◆ **Work item**
Only the lines from the beginning of the data through the line holding "Dámské chinos kalhoty" belong in the answer, printed exactly and without pictures.

____ Records for this exercise

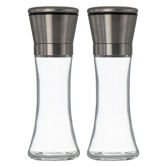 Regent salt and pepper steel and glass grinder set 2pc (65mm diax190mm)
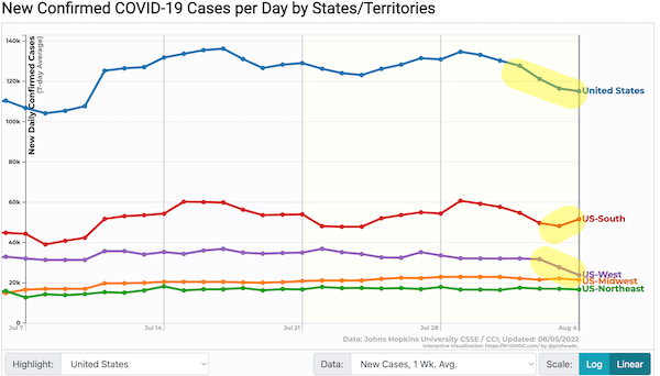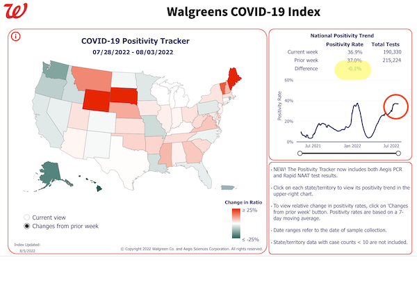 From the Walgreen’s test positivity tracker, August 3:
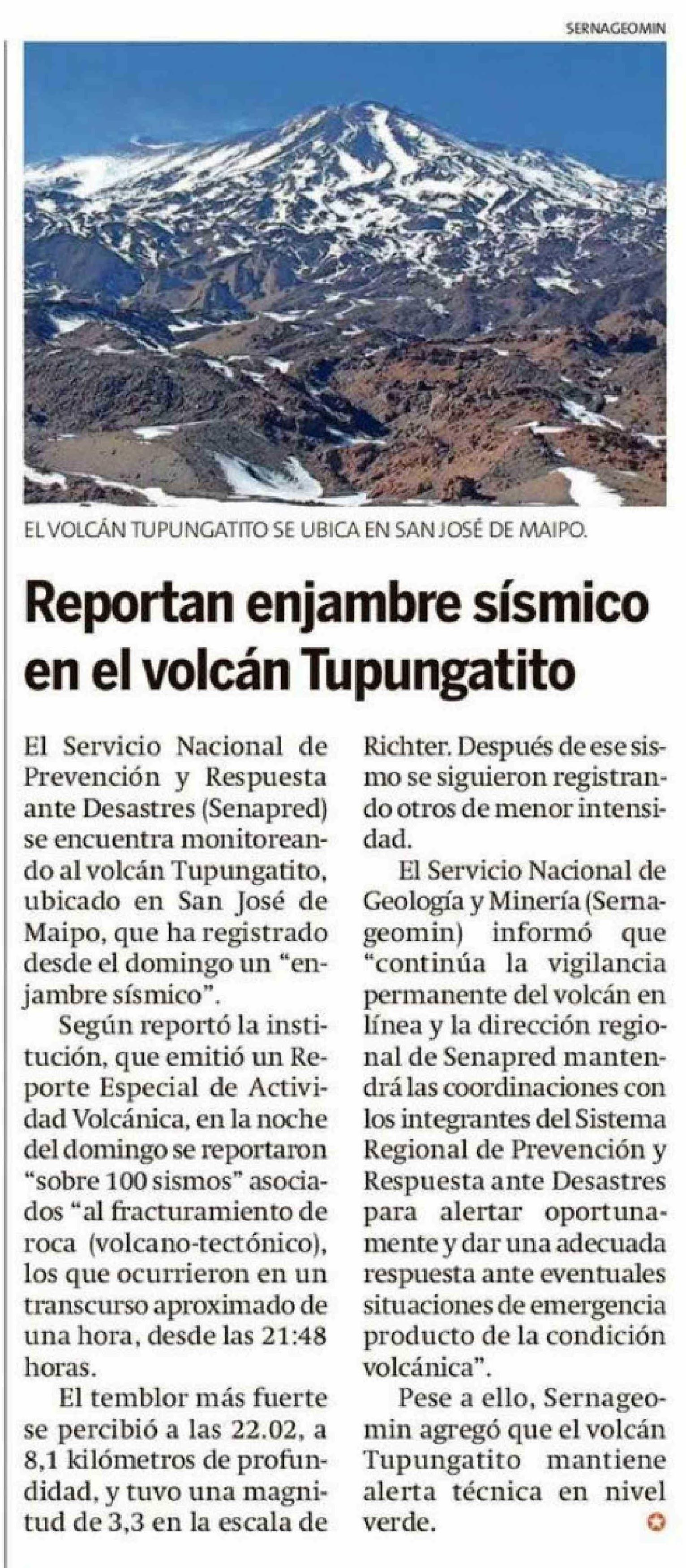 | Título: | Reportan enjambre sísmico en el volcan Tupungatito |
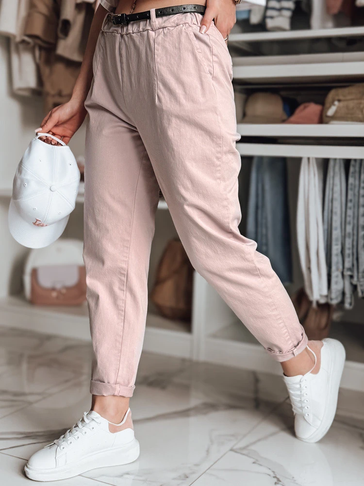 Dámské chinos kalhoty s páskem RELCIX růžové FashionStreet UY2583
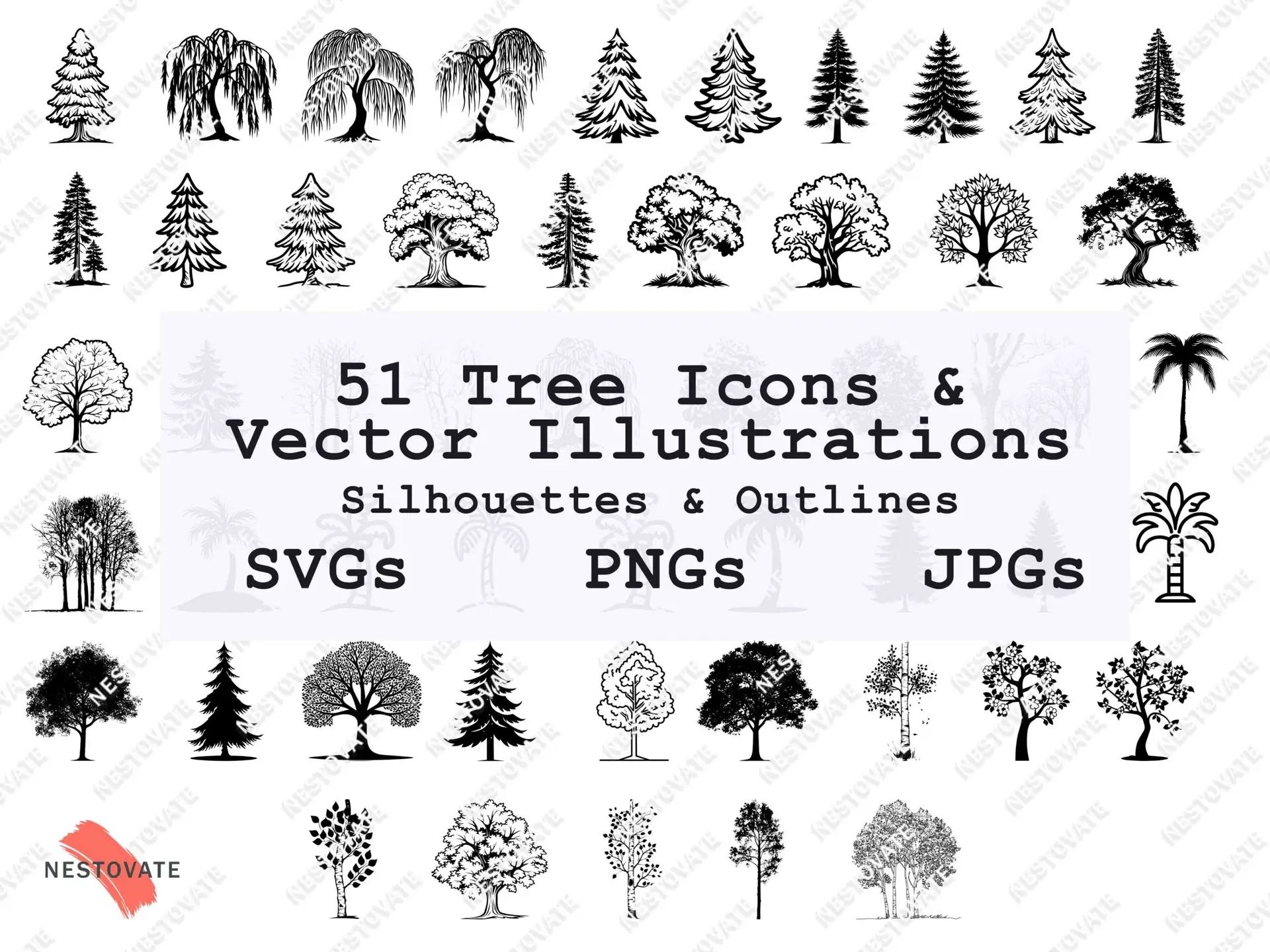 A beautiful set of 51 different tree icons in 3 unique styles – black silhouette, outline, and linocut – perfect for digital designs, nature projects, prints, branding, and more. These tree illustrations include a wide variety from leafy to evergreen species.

________

◆ **Response to this task**
 Regent salt and pepper steel and glass grinder set 2pc (65mm diax190mm)
 From the Walgreen’s test positivity tracker, August 3:
 | Título: | Reportan enjambre sísmico en el volcan Tupungatito |
 Dámské chinos kalhoty s páskem RELCIX růžové FashionStreet UY2583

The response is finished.